An Oversimplification of Her Beauty
Film Reviewed by Kam Williams
Annoying Narration Ruins Jay-Z Produced Romantic Romp
An Oversimplification of Her Beauty (2013)
In Theaters: Apr 26, 2013 Limited
Unrated, 1 hr. 29 min.
Animation, Comedy, Special Interest
Directed By: Terence Nance
Written By: Terence Nance
Distributor: Variance Films
Reviewed by Kam Williams
When a gangsta rapper like Jay-Z decides to dabble in filmmaking, it only makes sense that the flick might remind you more of his genre of popular music than a typical movie. That’s precisely the case with An Oversimplification of Her Beauty, an unorthodox romance drama produced by the incomparable hip-hop icon.
Written, directed, edited, scored, narrated by and animated by Terrence Nance (How Would You Feel?), the surreal adventure co-stars Renaissance Man Nance opposite Namik Minter as friends in a platonic relationship on the verge of turning venereal. The ambitious, multi-media undertaking not only mixes cartoon and live-action images, but it also walks a fine line between drama and documentary.
While the protagonists try to sort out their feelings, the picture poses some thought-provoking questions, such as, “How do you balance logic and emotions?” Unfortunately, the film is afflicted with a fatal flaw, namely, a virtually non-stop narration of the play-by-play which starts to get on your nerves after about five minutes.

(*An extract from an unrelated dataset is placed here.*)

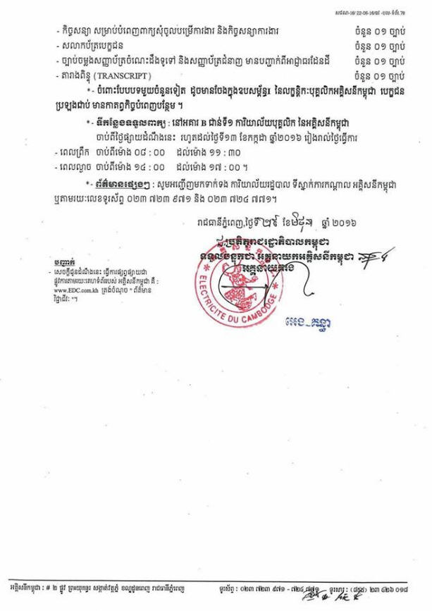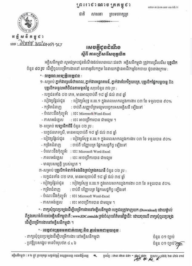 ឱកាសការងារជាច្រើនកន្លែងនៅអគ្គិសនីកម្ពុជា នៅសាខាអូរបែកក្អម នៃនាយកដ្ឋានអាជីវកម្មចែកចាយ។

Granted, this could just be an age thing, since the Hip-Hop Generation is already used to hearing incessant, mindless, staccato-style chatter in their favorite songs. So, it might not be that big a jump for them to have to listen to a non-stop voiceover for the duration of a movie. Nevertheless, the slick poetry slam approach definitely didn’t do it for this critic.
Another annoying aspect of the experience was how the audience is addressed directly by the disembodied voice, as in “You arrive at your home,” “You empty your pockets,” “You have no bed and no money,” “You possess no means of personal transportation,” and so forth. Granted, Jay McInerney effectively employed the 2nd person in his best-selling novel “Bright Lights, Big City,” but it simply fails to work here as a cinematic device.
Ghetto psychobabble strictly for the attention-deficit, Jay-Z demographic.